Преодолев впечатление от его внешности, можно было разглядеть что он всего лишь маленький мальчик.
Мальчик. Да, безобразный, да, странненький, маленький, грязный, перепуганный человечек с кривыми ножками, неправильной головой, с каким-то недоразумением вместо подбородка, с загрязненным порезом на ноге и с красным родимым пятном на щеке — точь-в-точь зигзаг молнии.
Да, он не похож ни на кого из виденных ею детей, но она все же попробует считать его человеком — бедного, напуганного малютку, украденного из прошлого. Может быть, у нее и получится — может быть.
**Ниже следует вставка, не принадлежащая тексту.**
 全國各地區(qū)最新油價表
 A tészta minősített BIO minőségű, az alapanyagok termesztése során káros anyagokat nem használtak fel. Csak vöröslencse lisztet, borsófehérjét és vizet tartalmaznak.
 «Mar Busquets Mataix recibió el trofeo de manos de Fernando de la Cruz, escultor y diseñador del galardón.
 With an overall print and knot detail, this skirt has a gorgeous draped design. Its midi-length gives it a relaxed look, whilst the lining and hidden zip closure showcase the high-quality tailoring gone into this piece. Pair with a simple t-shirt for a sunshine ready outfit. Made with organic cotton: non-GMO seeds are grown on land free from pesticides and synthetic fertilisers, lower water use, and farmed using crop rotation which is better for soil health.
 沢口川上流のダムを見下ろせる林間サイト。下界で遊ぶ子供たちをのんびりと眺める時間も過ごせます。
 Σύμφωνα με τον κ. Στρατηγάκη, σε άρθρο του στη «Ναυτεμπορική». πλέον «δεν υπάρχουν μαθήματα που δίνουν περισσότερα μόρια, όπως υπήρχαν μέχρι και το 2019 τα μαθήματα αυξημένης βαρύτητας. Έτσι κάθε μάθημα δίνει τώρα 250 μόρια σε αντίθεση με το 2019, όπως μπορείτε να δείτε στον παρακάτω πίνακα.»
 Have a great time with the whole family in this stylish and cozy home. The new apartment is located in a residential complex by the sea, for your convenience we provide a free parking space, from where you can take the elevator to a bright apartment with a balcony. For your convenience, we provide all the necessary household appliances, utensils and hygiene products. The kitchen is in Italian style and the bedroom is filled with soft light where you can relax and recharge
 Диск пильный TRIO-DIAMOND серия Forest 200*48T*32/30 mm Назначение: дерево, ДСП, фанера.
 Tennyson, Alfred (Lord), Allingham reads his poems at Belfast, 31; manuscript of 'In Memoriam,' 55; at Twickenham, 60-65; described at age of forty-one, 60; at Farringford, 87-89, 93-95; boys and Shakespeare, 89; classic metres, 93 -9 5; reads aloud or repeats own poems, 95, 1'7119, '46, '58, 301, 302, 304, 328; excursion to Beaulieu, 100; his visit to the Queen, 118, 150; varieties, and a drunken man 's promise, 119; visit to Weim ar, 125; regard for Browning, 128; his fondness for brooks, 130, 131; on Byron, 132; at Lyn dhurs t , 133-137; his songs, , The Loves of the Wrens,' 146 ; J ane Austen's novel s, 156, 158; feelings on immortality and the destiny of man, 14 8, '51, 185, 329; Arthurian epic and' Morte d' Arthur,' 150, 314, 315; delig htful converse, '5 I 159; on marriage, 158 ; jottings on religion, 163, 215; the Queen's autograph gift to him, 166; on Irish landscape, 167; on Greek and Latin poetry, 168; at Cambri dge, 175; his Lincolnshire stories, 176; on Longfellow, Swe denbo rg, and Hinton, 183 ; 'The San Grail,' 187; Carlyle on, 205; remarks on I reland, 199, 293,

Но до чего он безобразен, Господи! О Боже, Боже, Боже, разве мыслимо полюбить такое безобразное существо? Мисс Феллоуз очень сомневалась, что ей это удастся, несмотря на все, что она наговорила Хоскинсу. И эта мысль мучила ее.
Ванна наполнялась. Эллиот, сильный чернявый мужчина с огромными крепкими ручищами, забрал мальчика у Хоскинса и наполовину окунул его в воду, а тот отчаянно извивался. Мортенсон, второй санитар, вкатил аптечную тележку. Мисс Феллоуз выдавила в ванну полтюбика антисептического мыла, и вода покрылась желтой пузырящейся пеной. Пузыри на мгновение отвлекли ребенка, и он перестал выть и лягаться — но только на мгновение. Потом он, видимо, вспомнил, что с ним происходит нечто ужасное, и опять начал вырываться.
— Скользкий, паршивец, — засмеялся Эллиот. — Чуть я его не упустил.
— Смотрите, чтобы этого не случилось, — строго предупредила мисс Феллоуз. — О Господи, сколько грязи! Осторожно — держите, держите!
Мерзкое это было занятие. Даже с помощью двух мужчин мисс Феллоуз еле-еле удавалось справиться с ребенком. Он не переставал извиваться, дергаться, лягаться, царапаться и орать. Она не знала, что он так защищает — жизнь или просто достоинство, но ей редко попадался такой неуступчивый пациент. Он обливал их мыльной грязной водой, и Эллиот уже не смеялся: Мальчишка вцепился ногтями ему в руку, и под черной курчавой порослью появилась широкая красная борозда. Мисс Феллоуз начинала подумывать, не дать ли ребенку успокоительного, чтобы довести дело до конца — она смотрела на это как на последнюю, крайнюю меру.
— Введите себе антибиотик, когда закончим, — сказала она Эллиоту. — Царапина скверная. Кто знает, какие доисторические микробы могут быть у него под ногтями.
Она совсем забыла свое прежнее требование, чтобы ребенка поместили в стерильную, лишенную бактерий среду. Мальчик был такой сильный, такой живой, такой злющий — а она-то воображала себе слабое, уязвимое существо.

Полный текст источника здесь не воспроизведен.